### Required action
Please transcribe the data that follows exactly as given, leaving out every picture.

### Available records
####

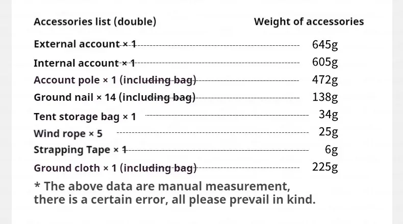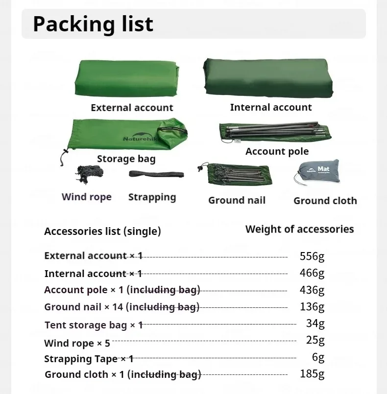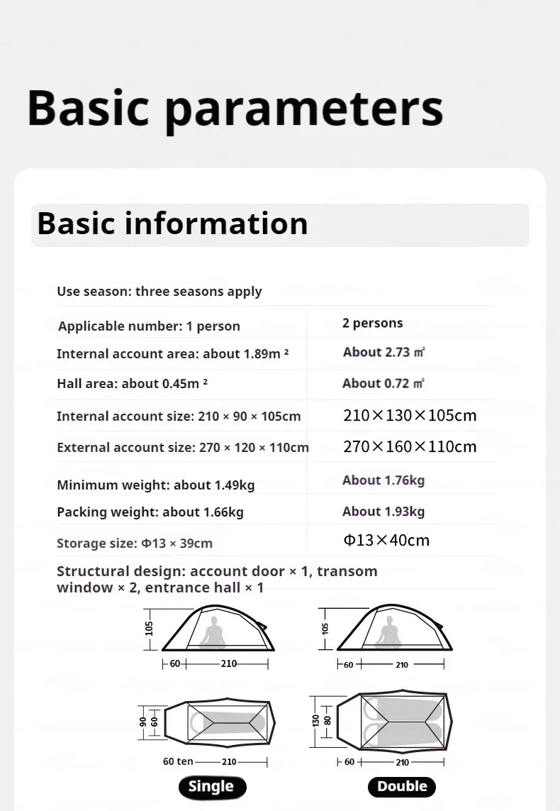 Packing Weight: About 1.85kg (1P) / 2.15kg(2P)
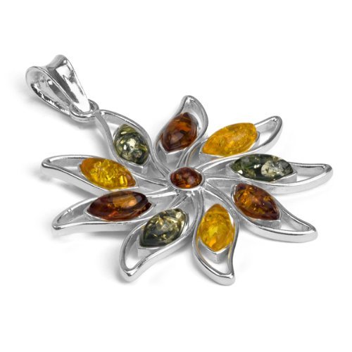 Ciondolo in Argento Sterling con Ambra multicolore Fiore Catena 46cm
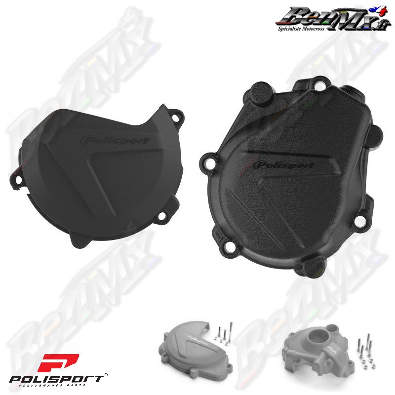 Kit protections de carter moteur (allumage + embrayage) POLISPORT - Noir - KTM 450 SX-F 2016/2022 - HUSQVARNA 450 FC 2016/2022
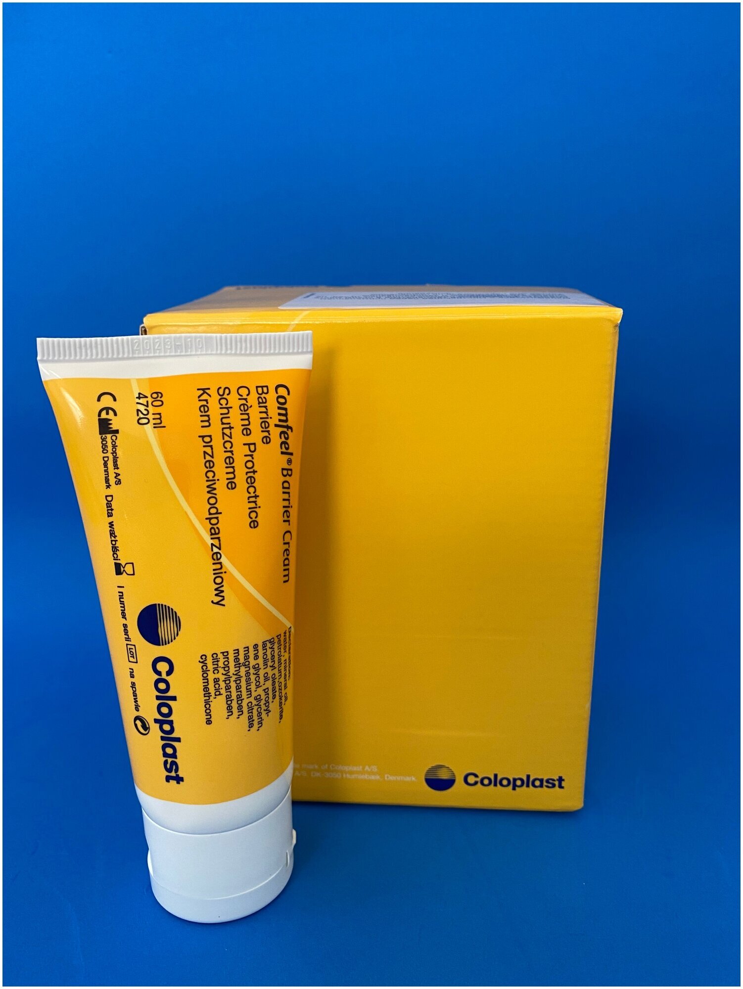 Защитный крем Барьер, Колопласт, Комфил - используется для защиты кожи вокруг стомы подверженной воздействию кала и мочи. Эффективное средство заживления раздраженной кожи и защита сухой кожи. Крем Барьер наносится тонким слоем перед наклеиванием пластины (при необходимости остатки крема удаляются салфеткой), после очищения кожи, и дают крему впитаться в течении нескольких минут. Выпускается в тюбике по 60 мл.
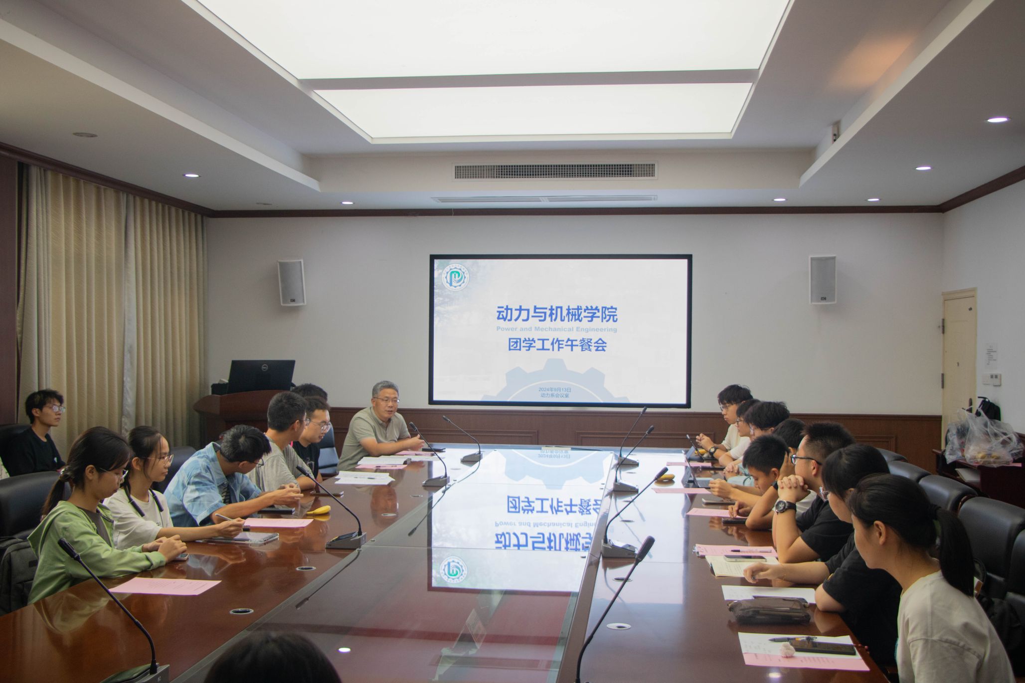 (文字记者:张宇彤 图片记者:卢宏涛)新学期伊始,为更好地规划和部署本学期团学组织的各项工作,9月13日中午,动力与机械学院在学院B9413会议室举办了以新学期团学组织工作安排交流为主题的午餐会。本次会议由学院本科生辅导员陈力瑞主持,学院党委副书记匡松,院分团委、院学生会、院青年志愿者协会、院社团指导中心以及院心理卫生协会的众多骨干成员参与,齐聚一堂,共同商讨新学期的工作计划。

####

### Answer box
 Packing Weight: About 1.85kg (1P) / 2.15kg(2P)
 Ciondolo in Argento Sterling con Ambra multicolore Fiore Catena 46cm
 Kit protections de carter moteur (allumage + embrayage) POLISPORT - Noir - KTM 450 SX-F 2016/2022 - HUSQVARNA 450 FC 2016/2022
 Защитный крем Барьер, Колопласт, Комфил - используется для защиты кожи вокруг стомы подверженной воздействию кала и мочи. Эффективное средство заживления раздраженной кожи и защита сухой кожи. Крем Барьер наносится тонким слоем перед наклеиванием пластины (при необходимости остатки крема удаляются салфеткой), после очищения кожи, и дают крему впитаться в течении нескольких минут. Выпускается в тюбике по 60 мл.
 (文字记者:张宇彤 图片记者:卢宏涛)新学期伊始,为更好地规划和部署本学期团学组织的各项工作,9月13日中午,动力与机械学院在学院B9413会议室举办了以新学期团学组织工作安排交流为主题的午餐会。本次会议由学院本科生辅导员陈力瑞主持,学院党委副书记匡松,院分团委、院学生会、院青年志愿者协会、院社团指导中心以及院心理卫生协会的众多骨干成员参与,齐聚一堂,共同商讨新学期的工作计划。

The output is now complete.